# spaghetti bolognese - Pre or Post work out.



## Gavyna2014 (Jul 23, 2014)

I know this a dumb question that has probably been posted a million times but could I have someone thoughts.

I make a spaghetti Bolognese with

250g (less than 5% fat) mince beef ( Plus drained in the colander to get even more fat out of it) 25g of Italian pasta -

A basic Italian tomato sauce

And about 5 grams of mild grated cheese.

Question : Is this a good meal and if so , is it better pre-workout or post workout ?


----------



## Dan94 (Dec 29, 2013)

I'd post say post, might be abit bloaty pre workout


----------



## Dark sim (May 18, 2013)

Can't say its a question that is posted a million times.

Either, jeez go crazy and have it before and after. Don't get caught up in minor details, sometimes its better to just eat food and lift heavy ass weights.


----------



## simonthepieman (Jun 11, 2012)

certainly is a stupid question, but hey, thats what forums are for 

If you are hungry, eat it before. Certainly no issue eating it after. You can do both if you like. Or neither


----------



## DaveCW (Dec 9, 2013)

Not an entirely stupid question.

Some people believe in having red meat pwo rather than pre so it all comes down to how you feel.

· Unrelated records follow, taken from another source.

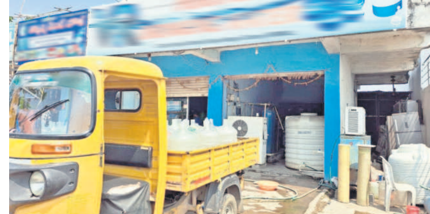
భైంసా రోడ్డులో నిబంధనలు పాటించకుండా నిర్వహిస్తున్న ప్లాంట్లు

నిర్మల్, మార్చి 10 (నమస్తే తెలంగాణ) : నిర్మల్ జిల్లాలో మినరల్ వాటర్ పేరిట జనరల్ వాటర్ విక్రయాలు జోరుగా సాగుతున్నాయి. అనుమతులు లేకుండా ప్లాంట్లను ఏర్పాటు చేస్తూ ప్రజల ఆరోగ్యంపై ప్రమాదం ఆడుతున్నారు. వేసవి రాగానే కాసులు కురిపించే వ్యాపారంలా మారింది. ముఖ్యంగా జిల్లాలోని నిర్మల్, భైంసా, ఖానాపూర్ పట్టణాలలో పాటు మండల కేంద్రాల్లో కూడా వాటర్ ప్లాంట్లు వెలుగుతున్నాయి. ఆయా ప్లాంట్లలో బోరు డ్రాస్ నీటిని సేకరించి సక్రమంగా శుద్ధి చేయకుండానే సురక్షిత జల మంటూ ప్రజలకు అందిస్తున్నారు. జనావాసాల్లో కూడా అనుమతులు లేకుండా ప్లాంట్లను ఏర్పాటు చేయడంతోపాటు పెద్ద ఎత్తున నీటిని సేకరించేందుకు రెండు, మూడు బోర్లు వేస్తున్నారు. దీంతో సమీపంలోని గృహాలకు చెందిన బోర్లలో నీరు అడుగుంటున్నది. కొన్ని చోట్ల 500 అడుగుల లోతు వరకు బోర్లు వేసినా నీళ్లు పడని పరిస్థితి. ఈ అక్రమంగా నిర్వహిస్తున్న ప్లాంట్లపై స్థానికులు ఫిర్యాదు చేసినా.. అధికారులు పట్టించుకోవడం లేదన్న ఆరోపణలు ఉన్నాయి. చిన్నచిన్న దుకాణాలు, హోటళ్లను పెట్టుకోవాలంటే మున్సిపాలిటీలు, పంచాయతీల నుంచి ట్రేడ్ లైసెన్స్ తీసుకోవాల్సి ఉంటుంది. కానీ.. పట్టణంలోని లోనుగులలు అలాగే కాలనీల దగ్గరూ ప్లాంట్లను నిర్వహిస్తున్నారు. అధికారులు కూడా మూసీ మాడనట్లు వ్యవహారంపై అసమానాలు వ్యక్తమవుతున్నాయి.
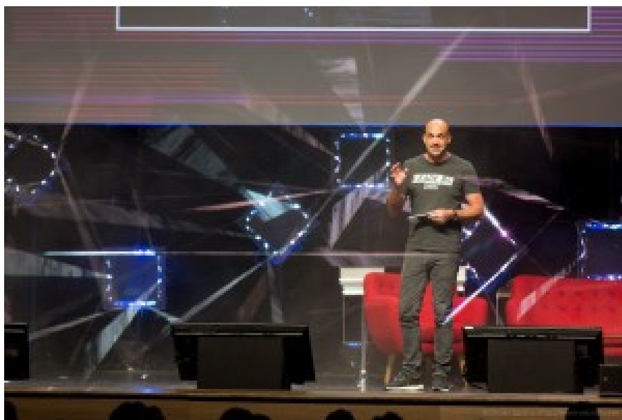
L'une des configurations des astucieux cadres laser de Minuit Une, une startup française.
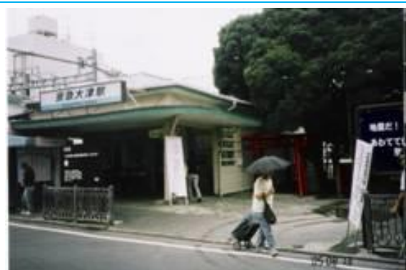
No48. 京急大津駅 20050813 (土) 11:10
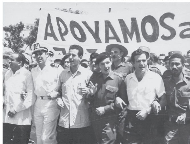
En 1959 Raúl encabezó la celebración del Primero de Mayo en La Habana, ya que el Comandante en Jefe Fidel Castro Ruz se encontraba fuera de Cuba.
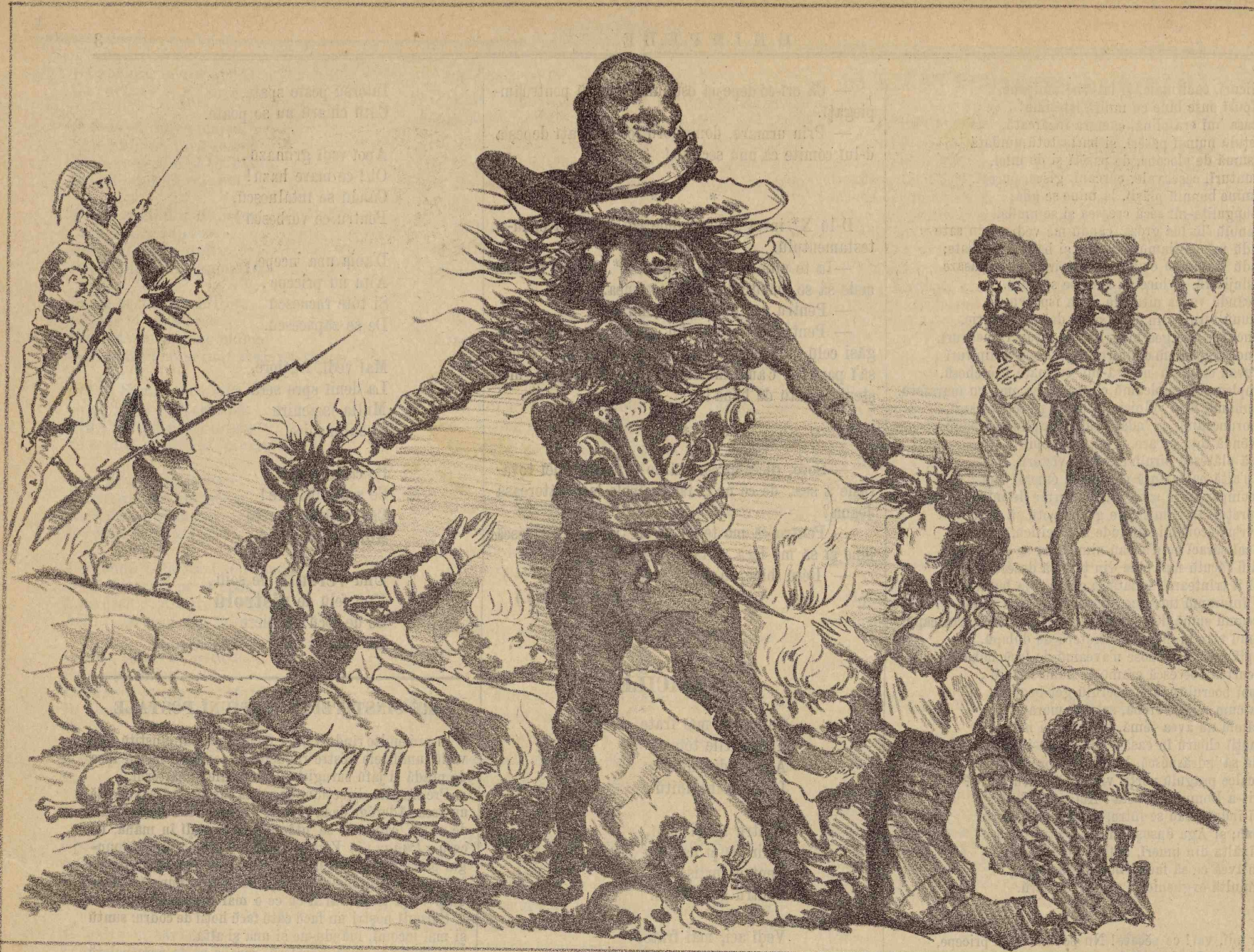
Don Carlos în Spania, Don Carlos în România, unul și același în două extremități ale Europei le ține de păr și le maltratează, pe când instrumentele se ucid, ard și jefnesc. O TEMPORA, O MORES!
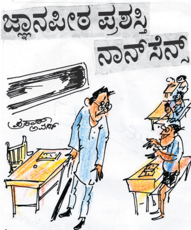
ನಾನ್ ಸೆನ್ಸ್ ಅಂತಾ ನೀವು ನನ್ನನ್ನು ಬಯ್ಯೋದಕ್ಕೆ ನನಗೆ ತುಂಬಾ ಸಂತೋಷ ಸಾರ್. ಅದು ಜ್ಞಾನಪೀಠಕ್ಕೆ ಸಮ ಅಂತ ತಿಳಿಯೋದಿಲ್ಲೇನಿ!
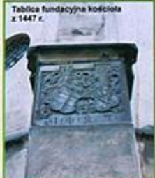
Tablica fundacyjna kościoła z 1447 r.
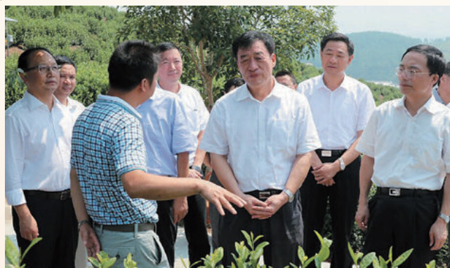
9月25日，省委副书记、代省长刘奇（前排中间）在县调研
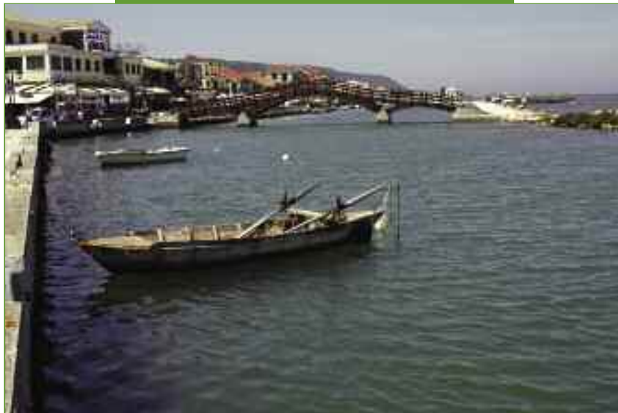
Η παραλιακή διαδρομή στην πρωτεύουσα

Άλλοτε το νησί ενωνόταν με την ακτή της Δυτικής Στερεάς Ελλάδας, μάλιστα συγγραφείς όπως ο Στράβωνας και ο Παισαίνιος αναφέρουν τη Λευκάδα ως χερσόνησο που συνδεόταν με την Ακαρνανία διά ισθμού. Σύμφωνα με μαρτυρίες οι Κορίνθιοι όταν τον 7ο αιώνα π.Χ. κατέλαβαν τη Λευκάδα έκοψαν τον Ισθμό και έτσι μετέβαλαν τη χερσόνησο σε νησί. Ανέκαθεν λοιπόν υπήρχε ένα στενό πέρασμα στο βορειο-ανατολικό μέρος του νησιού που επικοινωνούσε με την ηπειρωτική Ελλάδα. Γι' αυτό και κτίστηκε εκεί φρούριο, με σκοπό να προστατεύει το νησί από επιδρομές. Το κάστρο που σώζεται μέχρι τις μέρες μας λέγεται «Της Αγίας Μαύρας». Είναι φράγκικο και ο αρχικός πυρήνας του είναι το 13ο αιώνα. Το 1204 το νησί ενσωματώθηκε στο Δεσποτάτο της Ηπείρου και το 1294 ο Δεσπότης Νικηφόρος Α΄ πάντρεψε την κόρη του Μαρία με τον Ιωάννη Α΄ Οροίνι, δίνοντάς της για προίκα τη Λευκάδα. Έτσι ο Ιωάννης Α΄ έχτισε τον πυρήνα του κάστρου, που αποτελεί σήμερα ζωντανό κομμάτι της ιστορίας του νησιού. Ο Κάρολος Α΄ Τόκκος το μεγάλωσε αργότερα κτίζοντας δεύτερους τοίχους παράλληλους στις εξωτερικές πλευρές του φρουρίου. Όμως το φρούριο δεν έμεινε παρά πολύ στην κυριότητα των Τόκκων. Το 1479 ο τουρκικός στόλος κατέλαβε το νησί, όμως γύρω στα 1500 περνά προσωρινά στη βενετική κυριαρχία. Μέχρι το 1810, που οι Άγγλοι την ενσωματώνουν στο κράτος των Ιονίων Νήσων, η Λευκάδα γνώρισε πολλούς «προστάτες». Την Άνοιξη του 1864 μέσα σε λαμπρή τελετή τελείωσε η αγγλική προστασία του νησιού και των Επτανήσων με την προσάρτησή τους στη μητέρα Ελλάδα.
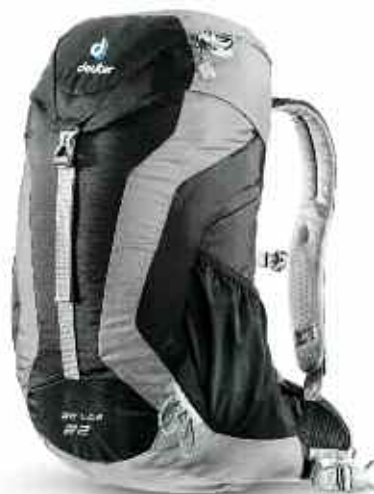
AC LITE 22

Sportlicher Rucksack für Tagestouren. Punktgenaue Ausstattung, leichte Materialien und erstklassige Rückenbelüftung. Deuter-Aircomfort-System. Deckeltasche. Wanderstockhalterung. Regenhülle. 22 Liter. CHF 119.90

If you feel bloated then eat it post workout and if your fine then have it whenever.

As long as your eating and eating as clean as you can then its not going to make a hell of a lot of difference.

I make myself steak mince done in spray and cook with some onions and mushrooms, add a little water and let it cook down till the water becomes like gravy and then mix it all in with my brown rice. Fkn Tasty As.

I find when i eat red meat pre workout i feel stronger in the gym.


----------



## Heavyassweights (Jan 18, 2014)

Pre, post or even during

Go fcukin nuts


----------



## Mclovin147 (Nov 11, 2013)

Both.

PermaBulk!!!!!!!


----------